There are many reasons organizations like Netflix and Amazon can glean fascinating insights into consumer behavior: their data is vast and eerily accurate. That is, employees don't have to spend a great deal of time scrubbing data for location, past purchases, preferences and the like. Put differently, these companies need not speculate on who their customers are, merely what they want.
Big difference.
Lamentably, that's not the case for the vast majority of organizations today. Cleansing and verifying data for even basic reporting – never mind sophisticated analytics – often hamstrings their efforts. Analytics "projects" with ambitious charters and big budgets wind up barely offering anything remotely resembling value. Another one bites the dust.
With respect to data preparation, organizations are loathe to truly empower nontechnical employees for many reasons, some of which are legitimate. (Can anyone say SOX?) Along these lines, David Loshin writes about conventional approaches to data preparation. In his words:
The data warehouse approach balances two key goals: organized data inclusion (a large amount of data is integrated into a single data platform), and objective presentation (data is managed in an abstract data model specifically suited for querying and reporting).
Let me paraphrase.

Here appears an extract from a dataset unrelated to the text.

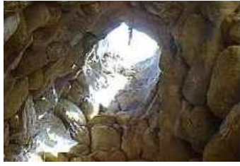
Pozzo di Tatinu (Nuxis)

Se affianchiamo le immagini, scopriamo non senza stupore che la visione del dipinto è molto simile a quella che avremmo collocandoci sul fondo di un pozzo sacro. E' straordinaria la convergenza con la struttura dei pozzi sardi, nei quali il canale del pozzo si congiunge alla tholos che è la cavità rotondeggiante a forma di vaso. Il dipinto suggerisce anche che per compiere questo cammino occorre essere nella giusta prospettiva. Infatti, quando ci troviamo a livello del terreno, vediamo la realtà, ma la nostra visione è dispersa, siamo distratti da molti stimoli; stare sulla superficie del terreno non consente una visione focalizzata: se non fossimo dentro a un canale buio la via di accesso all'aldilà non sarebbe visibile. Il motivo di questa esclusione è forse molto più "profondo" e lo svela il quadro di Bosch. Guardare il cielo per gli antichi aveva il significato di esservi proiettati dentro, venire in contatto con l'elemento sacro, partecipare della sua potenza 163 . Ma non si poteva avere ovunque. Vi erano dei luoghi particolari in cui il sacro si manifestava e occorreva essere scesi nelle profondità di se stessi: e dall'interno di un pozzo si può solo guardare in alto verso il cielo, il futuro, il compimento celeste: restare focalizzati sulla luce che guida, permeati dal sacro. Il cerchio fornisce anche l'idea del limite. Per focalizzare dobbiamo restringere il campo, mettere tutta la nostra attenzione in un punto ed escludere il resto.

By systematizing data preparation, organizations arguably do two things. First, they minimize the risk of the rogue employee going off the reservation. Second and on a related note, they curtail the risk of uninformed – if well-intentioned – employees making mistakes. In my consulting career, I've seen a few employees run massive purge programs in production only to find out that those programs do indeed work.
Ending the blame game
To be fair, these risks aren't insignificant – but let's not overlook the costs of cementing IT's central involvement in all data preparation efforts. For one, it reinforces the toxic IT-business divide. Beyond that, it frustrates employees and costs the organization invaluable time to capitalize on time-sensitive promotions, opportunities and specials.
Employees with unfettered and direct access to sensitive production data? Insane, right? Perhaps, but make no mistake: This type of access promotes individual employee responsibility. That is, no longer can employees use IT as the organization's whipping boy when data issues manifest themselves. And, all else being equal, better data means better and more meaningful analytics.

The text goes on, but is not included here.